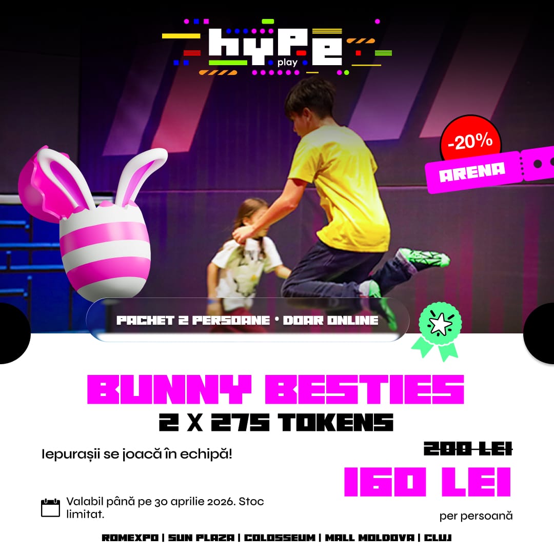 Bunny Besties este un pachet pentru 2 persoane, creat pentru joacă în echipă. Include 2 × 275 tokens, câte un set de tokens pentru fiecare persoană, care pot fi folosite la atracțiile din Hype. Este alegerea ideală pentru prieteni, cupluri sau challenge-uri unu la unu, fără restricții de activitate sau timp.
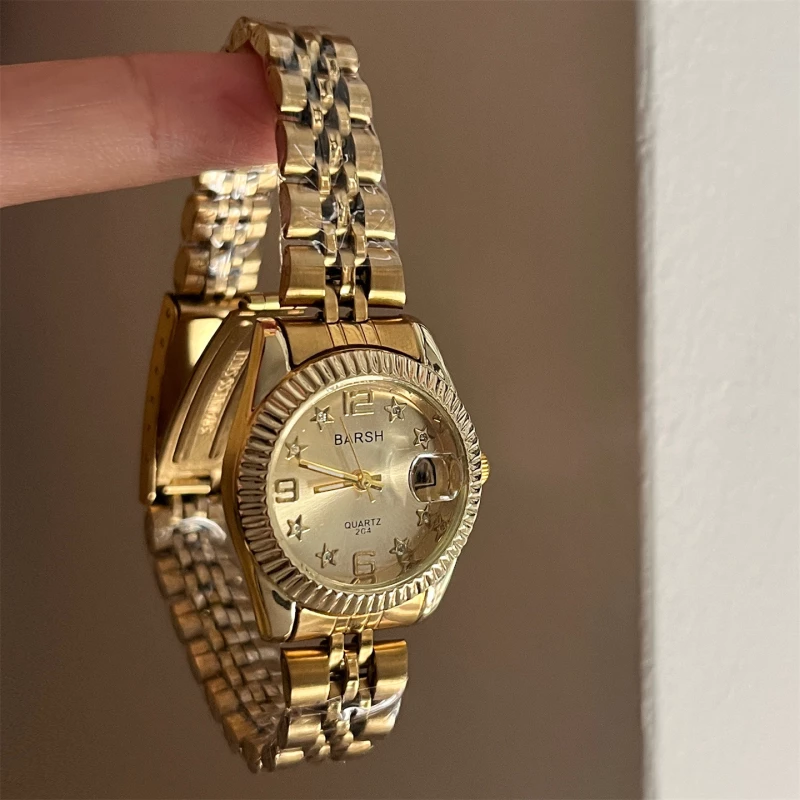 - Strap Material: Alloy (gold-toned plating, link bracelet design)
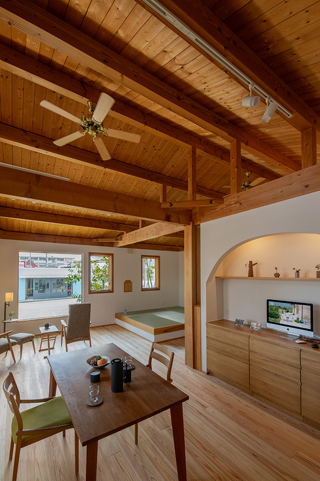 テーマ:“謳歌する平屋” 季節の移ろいを感じながら、おおらかに住まう。 好きなもの、大切にしたいものだけに囲まれた、地に足のついた暮らし。 壁や仕切りは最小限に、心地よく丁度良い空間で、私たちだけのストーリーを描く。 佐賀に所在する事務所をリノベーションし、平屋のモデルハウスとしてオープン。 壁付けのキッチンと、オープンな小上がりの和室、コンパクトな間取りでも広がりを感じることができる、足りない分なものもない、ちょうど良い住まいです。 和室は、寝転んで寛いだり、来客の宿泊スペースなど、フレキシブルに活用できる場所です。子どもが大きくなったら個室にするなど、家族の成長に合わせて家も変化させることができます。
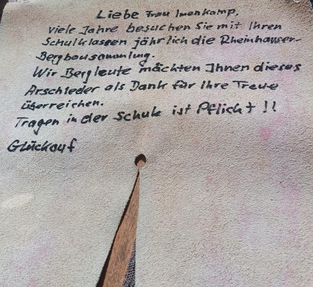 Unsere Wahl fiel auf ein wichtiges Hilfssmittel des Bergmanns für die Arbeit unter Tage: Das Arschleder
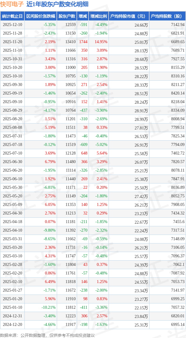 从股价来看,2025年11月28日至2025年12月10日,快可电子区间跌幅为5.35%,在此期间股东户数减少591.0户,减幅为4.49%。
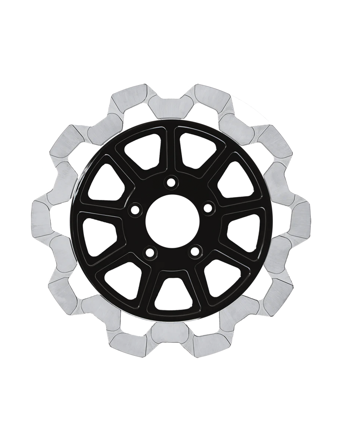 Lyndall BrakesPosteriore per Softail dal 2018 a oggiI dischi montati su mozzo hanno un diametro esterno di 11 1/2" (292mm), diametro interno 2 7/32" (56.4mm) e fori di montaggio scalinati da 5/16" con un pattern di 5x3,25" (82.6mm), Disegno-Bow Tie con centro nero e anello di attrito finito a macchina
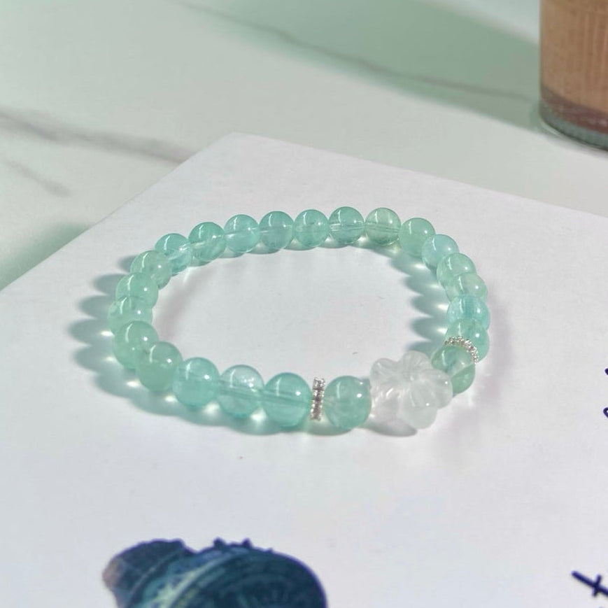 Meanings: Green Fluorite: energy purification & environmental harmony, emotional balance & stress relief; Clear Quartz: enhances focus & memory, purifies negative energy, regulates emotions, promotes health
· · · · ·
◆ Task goal: Above are the records; copy every one of them exactly and omit the images.

◆ Answer:
 Bunny Besties este un pachet pentru 2 persoane, creat pentru joacă în echipă. Include 2 × 275 tokens, câte un set de tokens pentru fiecare persoană, care pot fi folosite la atracțiile din Hype. Este alegerea ideală pentru prieteni, cupluri sau challenge-uri unu la unu, fără restricții de activitate sau timp.
 - Strap Material: Alloy (gold-toned plating, link bracelet design)
 テーマ:“謳歌する平屋” 季節の移ろいを感じながら、おおらかに住まう。 好きなもの、大切にしたいものだけに囲まれた、地に足のついた暮らし。 壁や仕切りは最小限に、心地よく丁度良い空間で、私たちだけのストーリーを描く。 佐賀に所在する事務所をリノベーションし、平屋のモデルハウスとしてオープン。 壁付けのキッチンと、オープンな小上がりの和室、コンパクトな間取りでも広がりを感じることができる、足りない分なものもない、ちょうど良い住まいです。 和室は、寝転んで寛いだり、来客の宿泊スペースなど、フレキシブルに活用できる場所です。子どもが大きくなったら個室にするなど、家族の成長に合わせて家も変化させることができます。
 Unsere Wahl fiel auf ein wichtiges Hilfssmittel des Bergmanns für die Arbeit unter Tage: Das Arschleder
 从股价来看,2025年11月28日至2025年12月10日,快可电子区间跌幅为5.35%,在此期间股东户数减少591.0户,减幅为4.49%。
 Lyndall BrakesPosteriore per Softail dal 2018 a oggiI dischi montati su mozzo hanno un diametro esterno di 11 1/2" (292mm), diametro interno 2 7/32" (56.4mm) e fori di montaggio scalinati da 5/16" con un pattern di 5x3,25" (82.6mm), Disegno-Bow Tie con centro nero e anello di attrito finito a macchina
 Meanings: Green Fluorite: energy purification & environmental harmony, emotional balance & stress relief; Clear Quartz: enhances focus & memory, purifies negative energy, regulates emotions, promotes health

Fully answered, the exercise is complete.